━━━ AVAILABLE DATA ━━━

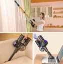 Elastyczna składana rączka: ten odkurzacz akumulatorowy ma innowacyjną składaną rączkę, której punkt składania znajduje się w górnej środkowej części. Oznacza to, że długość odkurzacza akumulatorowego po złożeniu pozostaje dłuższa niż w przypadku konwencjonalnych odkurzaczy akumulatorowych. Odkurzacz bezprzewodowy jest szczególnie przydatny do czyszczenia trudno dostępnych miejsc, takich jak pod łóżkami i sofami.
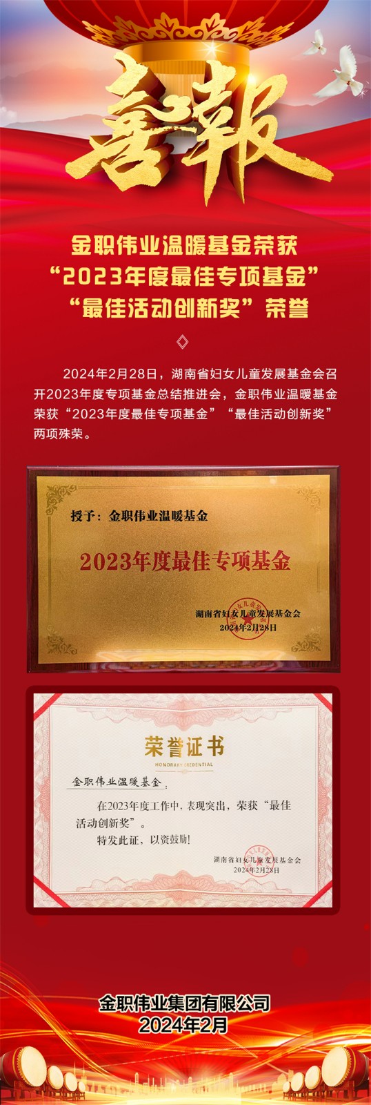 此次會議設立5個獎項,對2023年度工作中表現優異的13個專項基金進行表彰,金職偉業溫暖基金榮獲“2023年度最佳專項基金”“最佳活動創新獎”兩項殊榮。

━━━
━━━ AVAILABLE DATA ━━━

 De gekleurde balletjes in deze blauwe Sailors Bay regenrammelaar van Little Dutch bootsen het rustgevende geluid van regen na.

━━━
━━━ AVAILABLE DATA ━━━

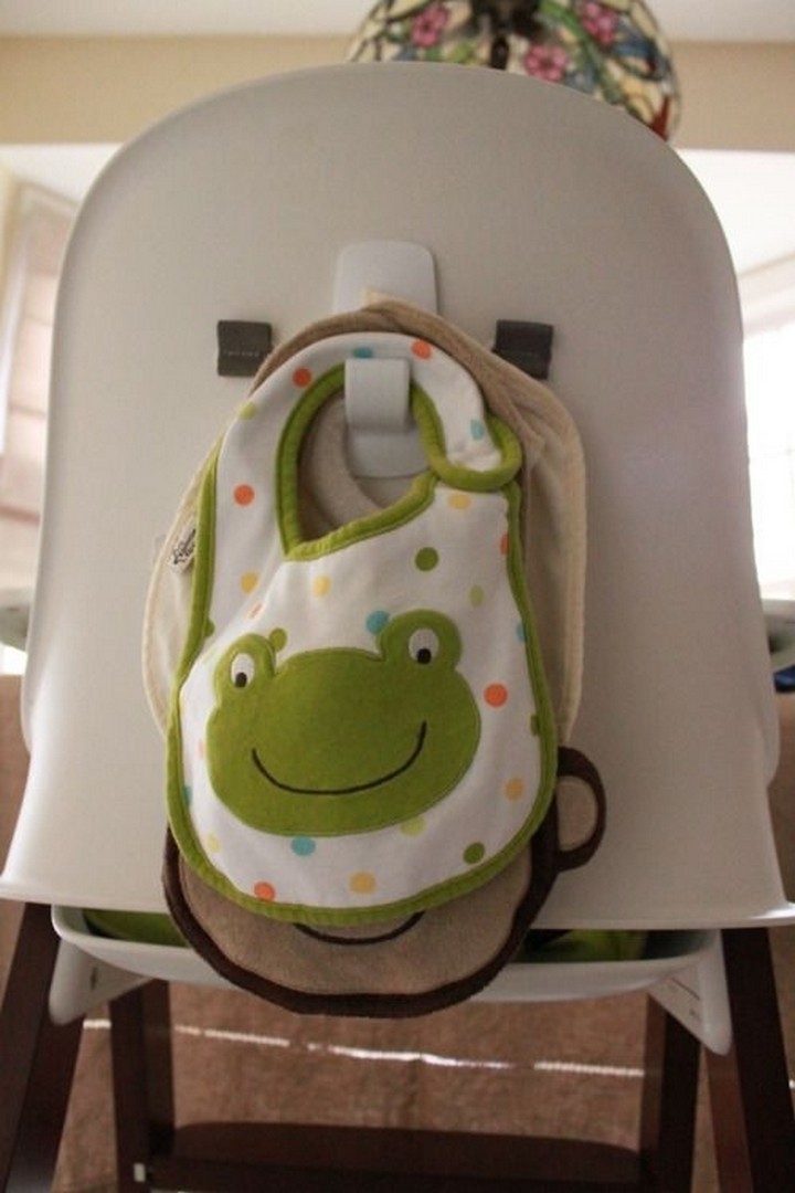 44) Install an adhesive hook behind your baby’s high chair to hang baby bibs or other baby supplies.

━━━

• _EXERCISE INSTRUCTIONS_:
Nothing except the lines from the one containing "Elastyczna składana rączka: ten" through the one containing "此次會議設立5個獎項,對20" should appear in the answer, exactly as above and without pictures.

• _EXPECTED ANSWER_:
 Elastyczna składana rączka: ten odkurzacz akumulatorowy ma innowacyjną składaną rączkę, której punkt składania znajduje się w górnej środkowej części. Oznacza to, że długość odkurzacza akumulatorowego po złożeniu pozostaje dłuższa niż w przypadku konwencjonalnych odkurzaczy akumulatorowych. Odkurzacz bezprzewodowy jest szczególnie przydatny do czyszczenia trudno dostępnych miejsc, takich jak pod łóżkami i sofami.
 此次會議設立5個獎項,對2023年度工作中表現優異的13個專項基金進行表彰,金職偉業溫暖基金榮獲“2023年度最佳專項基金”“最佳活動創新獎”兩項殊榮。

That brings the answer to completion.